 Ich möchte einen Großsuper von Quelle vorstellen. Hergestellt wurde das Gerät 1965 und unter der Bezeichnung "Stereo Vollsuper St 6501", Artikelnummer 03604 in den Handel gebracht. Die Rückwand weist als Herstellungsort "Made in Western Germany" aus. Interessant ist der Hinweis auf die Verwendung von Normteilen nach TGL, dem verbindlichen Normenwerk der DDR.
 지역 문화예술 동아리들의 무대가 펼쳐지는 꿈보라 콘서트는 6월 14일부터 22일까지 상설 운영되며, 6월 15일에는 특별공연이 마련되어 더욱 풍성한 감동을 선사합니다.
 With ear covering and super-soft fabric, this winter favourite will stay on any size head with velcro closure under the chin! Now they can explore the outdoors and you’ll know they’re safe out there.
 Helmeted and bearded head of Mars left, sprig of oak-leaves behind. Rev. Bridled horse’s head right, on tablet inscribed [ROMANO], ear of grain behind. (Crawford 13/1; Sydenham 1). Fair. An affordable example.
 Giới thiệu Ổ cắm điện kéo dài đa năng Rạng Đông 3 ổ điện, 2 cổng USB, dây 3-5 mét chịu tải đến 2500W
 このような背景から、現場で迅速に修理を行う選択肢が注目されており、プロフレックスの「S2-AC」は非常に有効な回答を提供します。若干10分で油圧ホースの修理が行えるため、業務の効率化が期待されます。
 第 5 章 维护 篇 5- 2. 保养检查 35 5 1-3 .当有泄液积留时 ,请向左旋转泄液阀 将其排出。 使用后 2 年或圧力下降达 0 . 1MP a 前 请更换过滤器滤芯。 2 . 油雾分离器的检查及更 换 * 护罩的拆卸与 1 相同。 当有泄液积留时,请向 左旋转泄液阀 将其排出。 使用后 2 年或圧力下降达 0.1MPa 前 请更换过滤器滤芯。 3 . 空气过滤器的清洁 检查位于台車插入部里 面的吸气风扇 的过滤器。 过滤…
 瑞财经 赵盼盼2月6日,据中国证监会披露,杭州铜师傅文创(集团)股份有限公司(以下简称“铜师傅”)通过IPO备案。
* * *
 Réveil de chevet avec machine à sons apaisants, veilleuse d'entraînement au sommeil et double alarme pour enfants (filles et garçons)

▶ **EXERCISE INSTRUCTIONS**:
Copy out, exactly and alone, the lines of the entries above between the ones holding "Giới thiệu Ổ" and "瑞财经 赵盼盼2月6日,据中", inclusive.

▶ **PROBLEM SOLUTION**:
 Giới thiệu Ổ cắm điện kéo dài đa năng Rạng Đông 3 ổ điện, 2 cổng USB, dây 3-5 mét chịu tải đến 2500W
 このような背景から、現場で迅速に修理を行う選択肢が注目されており、プロフレックスの「S2-AC」は非常に有効な回答を提供します。若干10分で油圧ホースの修理が行えるため、業務の効率化が期待されます。
 第 5 章 维护 篇 5- 2. 保养检查 35 5 1-3 .当有泄液积留时 ,请向左旋转泄液阀 将其排出。 使用后 2 年或圧力下降达 0 . 1MP a 前 请更换过滤器滤芯。 2 . 油雾分离器的检查及更 换 * 护罩的拆卸与 1 相同。 当有泄液积留时,请向 左旋转泄液阀 将其排出。 使用后 2 年或圧力下降达 0.1MPa 前 请更换过滤器滤芯。 3 . 空气过滤器的清洁 检查位于台車插入部里 面的吸气风扇 的过滤器。 过滤…
 瑞财经 赵盼盼2月6日,据中国证监会披露,杭州铜师傅文创(集团)股份有限公司(以下简称“铜师傅”)通过IPO备案。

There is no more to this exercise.